What is the difference between suspend and hibernate in Fedora?

Suspend stops operation of all applications and puts the machine into a low-power mode. Various triggers can resume the machine, among them pressing a key or quickly pressing and releasing the power button.

Hibernate moves the contents of memory into swap, tells the bootloader to boot directly into the appropriate kernel, and shuts the machine down. You thaw the machine by powering up, which causes the kernel to reload the contents of memory from swap.


For Windows, the difference is where your work-in-progress gets kept. Suspend puts everything into RAM, and shuts off pretty much everything but what's needed to maintain that memory, and detect startup triggers. Hibernate writes everything to your hard drive and completely powers down the system.

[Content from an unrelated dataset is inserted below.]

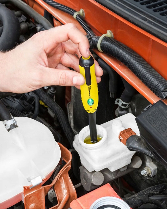 - Тестер тормозной жидкости DOT3, DOT4 и DOT5.1 (принцип светового сигнала).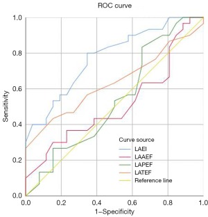 According to the NYHA cardiac function classification criteria, the severe AS group with preserved ejection fraction was divided into subgroup A and subgroup B. Subgroup A consisted of patients with cardiac function grades I and II without significant heart failure symptoms, and subgroup B consisted of patients with cardiac function grades III and IV accompanied by significant heart failure symptoms, as the results of the study in the two subgroups showed: among the LA emptying rate parameters, LAAEF, LAPEF, and LATEF were not statistically different between the two groups (P>0.05). Compared with subgroup A, the LAVImax of subgroup B increased (P<0.05), and the LAEI reflecting LA reserve function was lower than that of the control group (P<0.05). The absolute values of longitudinal strain (LASr, LAScd, LASct) and circumferential strain (LASr-c, LAScd-c, LASct-c) in the three phases of LA decreased (P<0.05). The results of the correlation analysis in this study showed a significant negative correlation between LASr and NT-proBNP, E/e’, and LAVImax, and a significant positive correlation with LAEI and LVGLS. The ROC curve was used to predict the diagnostic efficacy of LA emptying rate parameters and strain parameters for heart failure in patients with severe AS with preserved ejection fraction: the AUC predicted by LASr and LAEI was the largest, 0.855 and 0.818, respectively. The cutoff values were 16.5% and 97%, respectively. The sensitivity was 76.7% and 83.3%, respectively. The specificity was 80% and 65.4%, respectively, and the Youden index was 0.575 and 0.487, respectively. The results of this study applied univariate regression analysis and showed that LAVImax, LAEI, and LASr were significantly associated with the presence of significant heart failure symptoms in patients with severe AS with preserved ejection fraction, and the results of multivariate regression analysis showed that LAEI and LASr were positive predictive factors for severe AS patients with preserved ejection fraction for development or presence of class III and IV heart failure. The above results indicate that the LA size of patients with severe AS with grade III and IV heart function and significant heart failure symptoms is larger than that of patients with grade I and II heart function and no significant heart failure symptoms, which is consistent with previous studies. In addition, symptomatic patients showed more pronounced LA dysfunction, characterized by significant impairment of LA reserve, pathway, and contractility. The parameters of LAVImax, LA longitudinal strain, and circumferential strain show high sensitivity in distinguishing the severity of heart failure in patients with severe AS heart failure who have preserved ejection fraction. The correlation analysis indicates that LA function parameters serve as key ultrasound detection targets for heart failure symptoms in patients with severe AS heart failure who have preserved ejection fraction, and are closely related to LV filling pressure and LV contractility. It is worth noting that in the ROC analysis, the AUC of LASr and LAEI was the largest, which indicated that the LA emptying rate parameter and strain parameter representing the LA reserve function were sensitive to identify patients with severe AS with significant heart failure symptoms with ejection fraction retention. Through multi-factor logistic regression analysis, it was further revealed that LAEI and LASr were positive predictive factors for severe AS patients with preserved ejection fraction for development or presence of class III and IV heart failure. The cutoff values of LASr and LAEI provide valuable information for the clinical diagnosis of severe AS patients with heart failure with preserved ejection fraction, and the results of these findings are similar to those of Mateescu et al. (25).

I imagine the same is true for Linux, as these are common terms. The process for turning the computer on may vary depending on your selected preferences, but typically the on/off button works regardless.

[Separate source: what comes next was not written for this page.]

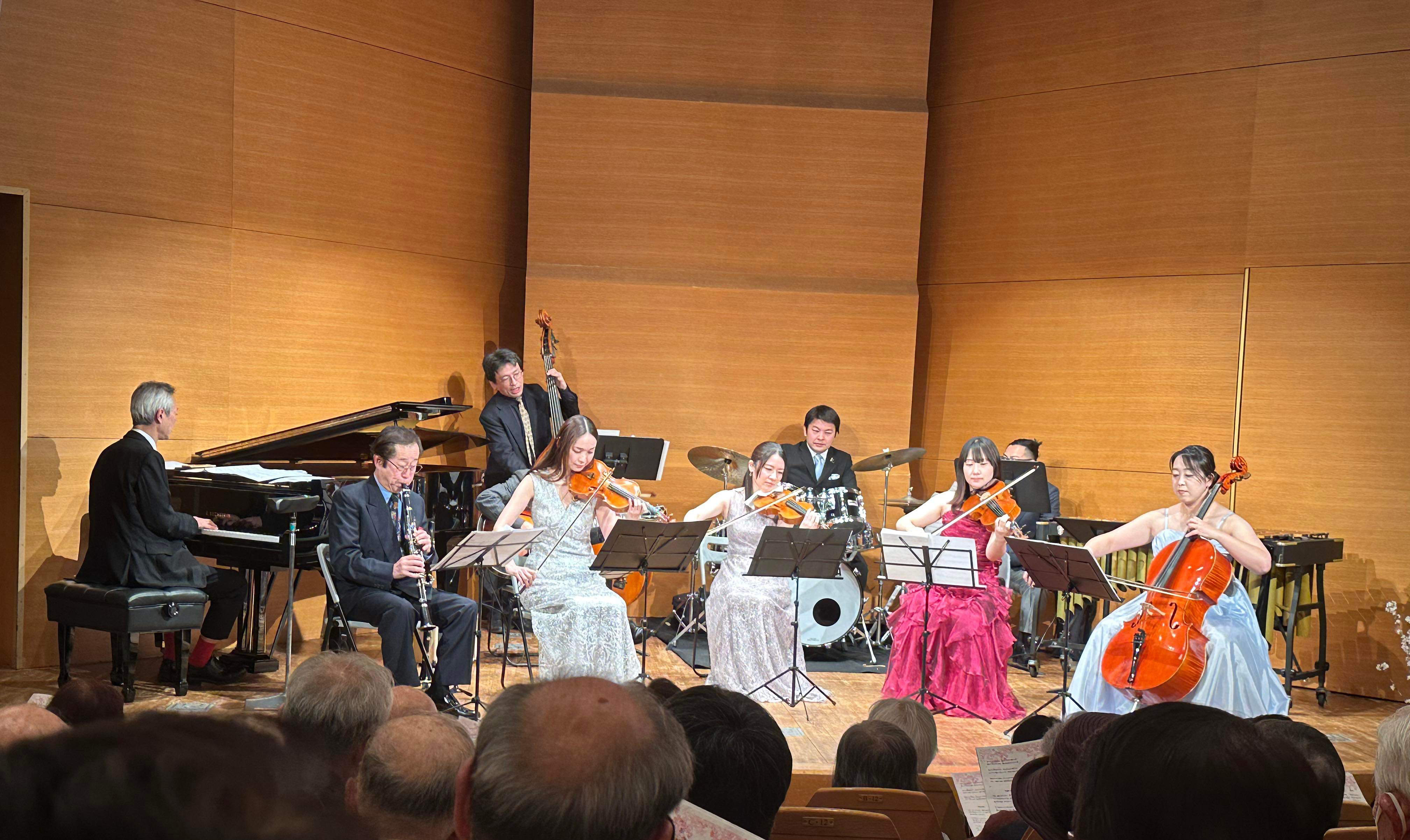 クラリネットをはじめ、ピアノ、ギター、ヴィブラフォン、ウッドベース、ドラムのジャズコンボに、ヴァイオリン2本、ヴィオラ、チェロの弦楽四重奏を加えた、とても珍しい編成。花岡さんの紹介の後、弦楽四重奏の美しいクラシック演奏からコンサートがスタートしました。そこにバンドと花岡さんが加わるのですが、花岡さんの暖かく艶やかな音色が響くと、圧倒的な“花岡ワールド”に引き込まれます。

There is a major difference between suspend and hibernate, suspend saves the snapshot of present system state into ram and your hard-disk power will be turned-off (ram, mother-board, cpu) will be powered on, while when you press the power button it reloads the snap shot saved in ram with in seconds based on the system capability. Coming to the hybernate the present system snapshot will be saved on swap partion, the complete system will be turned off, while when we powered on the machine, it reloads the snap-shot from swap partion little bit faster than regular boot, but slower than suspend.